## PROBLEM REQUIREMENTS
Reproduce exactly the lines of this material that begin at the line with "O Conjunto Inclui: 6" and end at the line with "I picked up", both included. Omit the pictures and everything else.

## THE INPUT
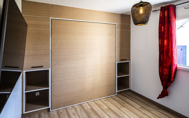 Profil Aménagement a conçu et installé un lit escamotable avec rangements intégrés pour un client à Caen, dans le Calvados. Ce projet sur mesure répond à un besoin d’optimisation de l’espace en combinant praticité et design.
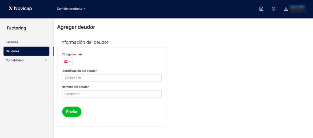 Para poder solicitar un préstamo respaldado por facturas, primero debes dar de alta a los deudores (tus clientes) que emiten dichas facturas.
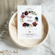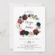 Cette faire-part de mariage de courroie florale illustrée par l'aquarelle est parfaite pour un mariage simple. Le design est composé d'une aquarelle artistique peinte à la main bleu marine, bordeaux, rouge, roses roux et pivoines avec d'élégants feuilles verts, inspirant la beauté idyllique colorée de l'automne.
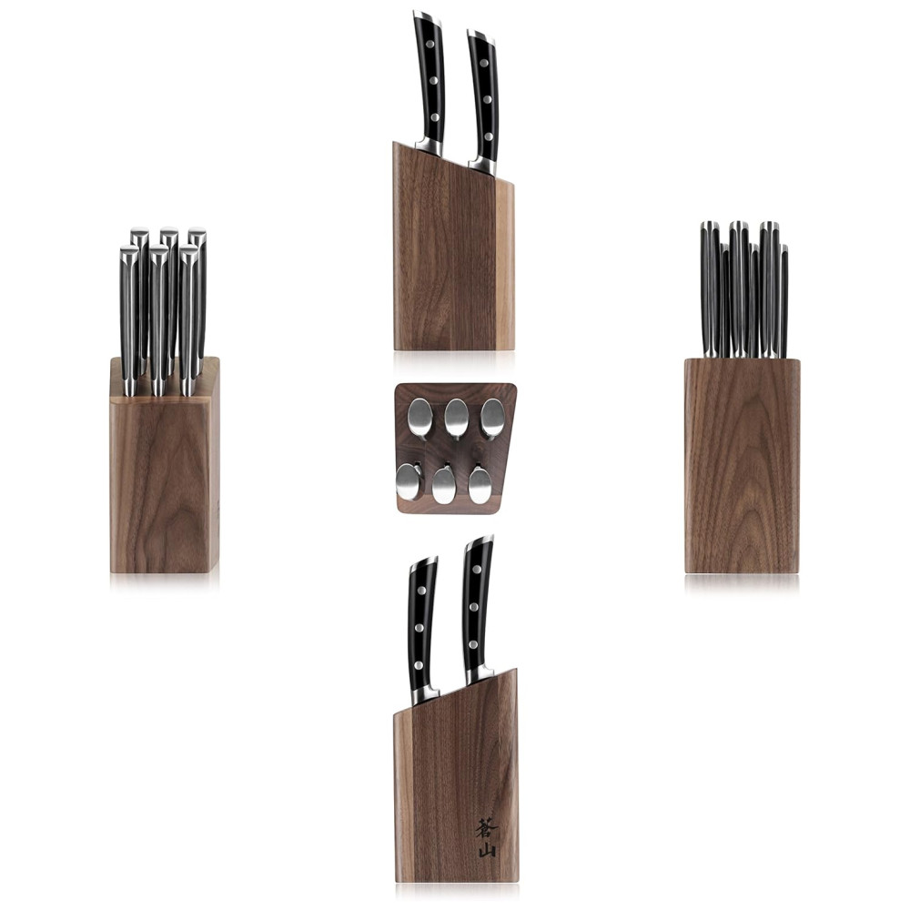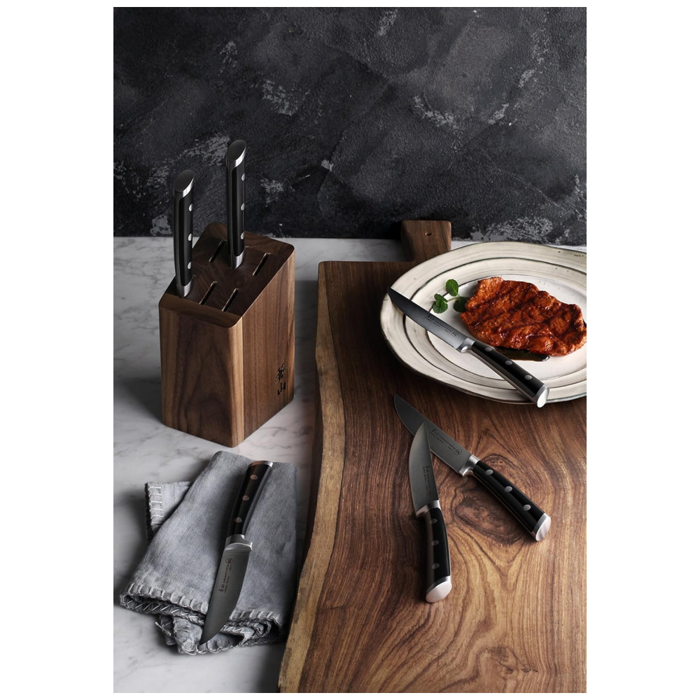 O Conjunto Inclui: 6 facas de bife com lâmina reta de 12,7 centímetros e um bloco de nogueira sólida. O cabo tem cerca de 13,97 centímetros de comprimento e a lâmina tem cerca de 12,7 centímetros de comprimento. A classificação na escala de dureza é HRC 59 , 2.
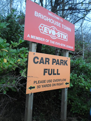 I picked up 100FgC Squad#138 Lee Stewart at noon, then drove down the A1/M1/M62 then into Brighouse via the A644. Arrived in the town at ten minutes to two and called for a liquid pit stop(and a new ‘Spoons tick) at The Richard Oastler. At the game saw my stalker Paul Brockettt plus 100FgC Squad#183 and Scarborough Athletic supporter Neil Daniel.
...
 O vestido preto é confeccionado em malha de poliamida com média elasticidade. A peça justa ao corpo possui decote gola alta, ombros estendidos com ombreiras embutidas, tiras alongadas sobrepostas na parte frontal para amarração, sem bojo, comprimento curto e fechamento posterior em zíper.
--
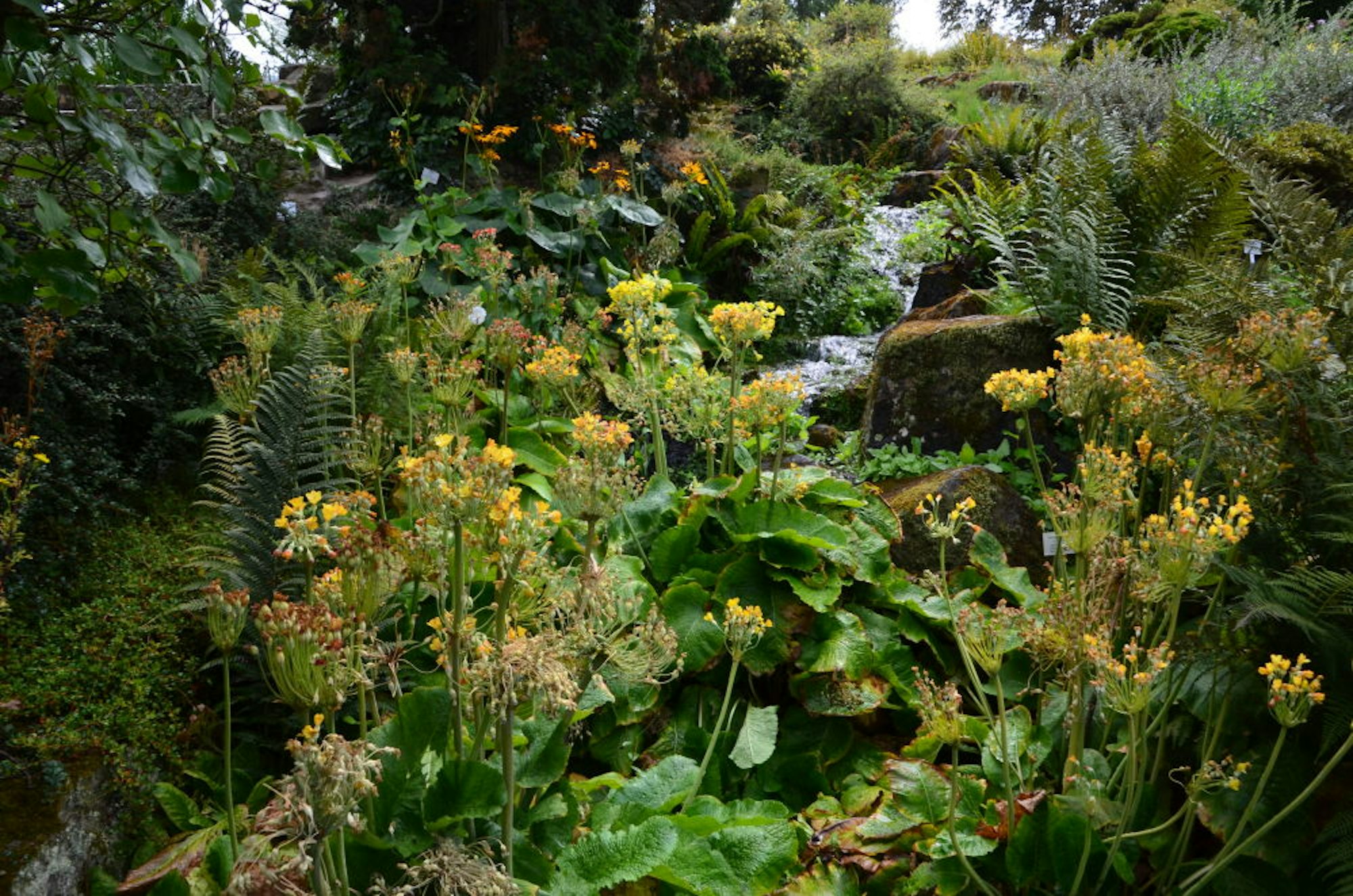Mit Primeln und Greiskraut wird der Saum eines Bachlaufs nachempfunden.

## TASK SOLUTION
 O Conjunto Inclui: 6 facas de bife com lâmina reta de 12,7 centímetros e um bloco de nogueira sólida. O cabo tem cerca de 13,97 centímetros de comprimento e a lâmina tem cerca de 12,7 centímetros de comprimento. A classificação na escala de dureza é HRC 59 , 2.
 I picked up 100FgC Squad#138 Lee Stewart at noon, then drove down the A1/M1/M62 then into Brighouse via the A644. Arrived in the town at ten minutes to two and called for a liquid pit stop(and a new ‘Spoons tick) at The Richard Oastler. At the game saw my stalker Paul Brockettt plus 100FgC Squad#183 and Scarborough Athletic supporter Neil Daniel.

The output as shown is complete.